I am the new meme queen around these parts, me thinks.

Here are the instructions:

Link to the person that tagged you, and post the rules on your blog.

Share 7 random and/or weird facts about yourself.

Tag 7 random people at the end of your post, and include links to their blogs.

Let each person know that they’ve been tagged by leaving a comment on their blog.

 

So here we go; 7 random and/or weird facts about me.

 

1. My name was supposed to be Shirley, or something equally 70’s -  esque but my father renamed me after the 1972 September issue’s Playboy centrefold. I must say, I don’t think I lived up to his standards at all. If I was supposed to turn out like my namesake, I think he was sorely disappointed.

2. I can chomp out the tune of Baa Baa Black Sheep by gnashing my teeth together and shaping my mouth in different ways. (Well? It did say weird, I’m giving you weird).

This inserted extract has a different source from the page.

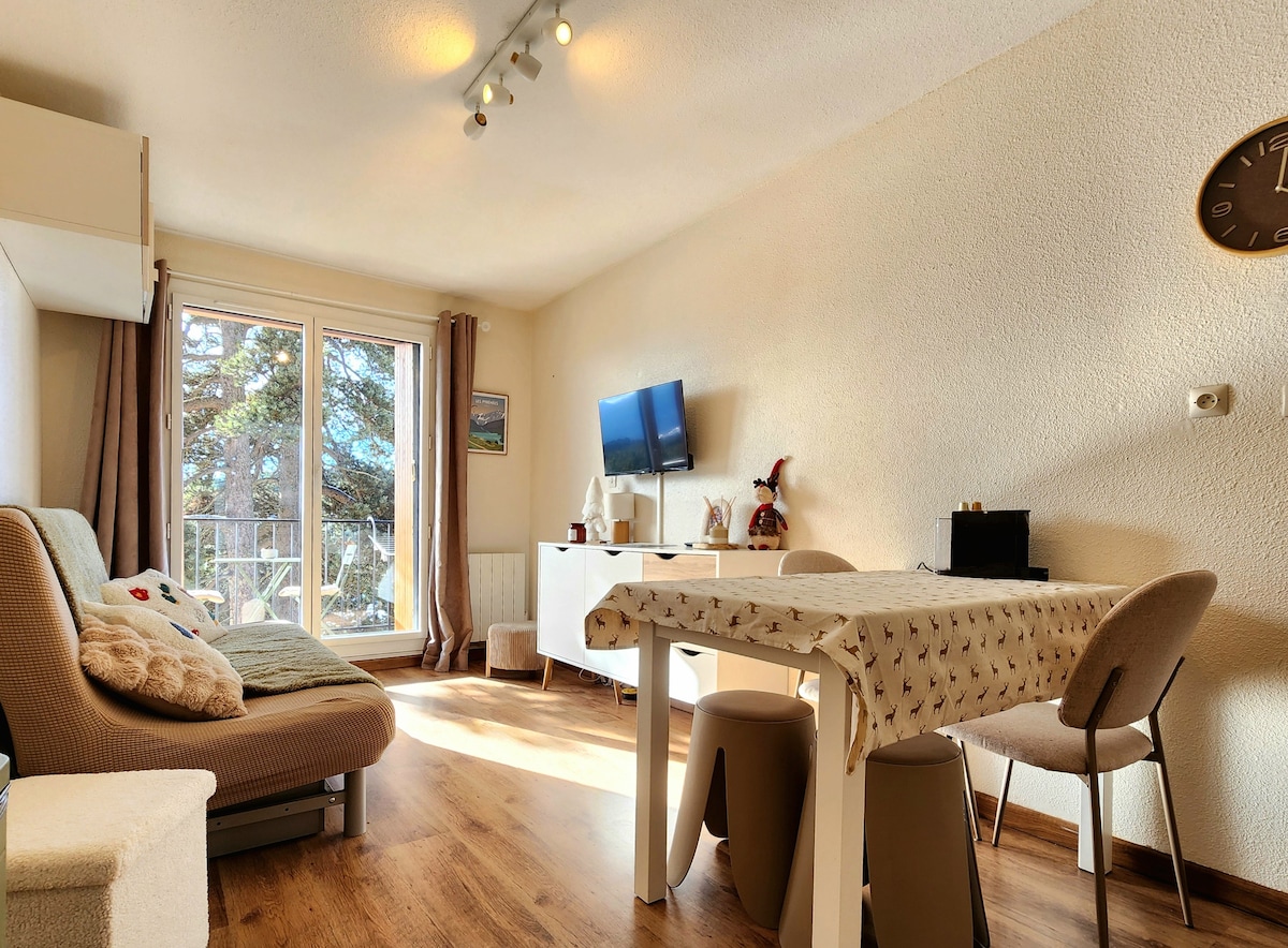 Situé à Bolquère Pyrénées 2000, séjournez dans un appartement cosy ( 30 metres carrés agrémenté d'une grande terrasse avec vue sur un grand et beau pré verdoyant ) avec accès gratuit à un espace avec bain à remous, piscine intérieure, salle de jeux. Décoré dans un style alpin, l' appartement, chez Lyli & compagnie, vous permettra de vous ressourcer et de vous évader dans le superbe écrin vert (ou blanc en hiver) qui l'accueille. Activités très nombreuses et variées. Regardez nos photos.

3. I’m in the genetic group of people who’s second toe is longer than my first. This supposedly means I listen to my heart before I listen to my head.

4. I have phone phobia. I have real trouble phoning anyone and sometimes I struggle with picking the phone up when it is ringing. This started just after William died and is a weird little quirk that I am having trouble shaking.

5. When I was little I had a recurring dream that a funnel web spider was chasing me and no matter what I threw on top of it, it would always just throw it off, re - inflate and continue the pursuit.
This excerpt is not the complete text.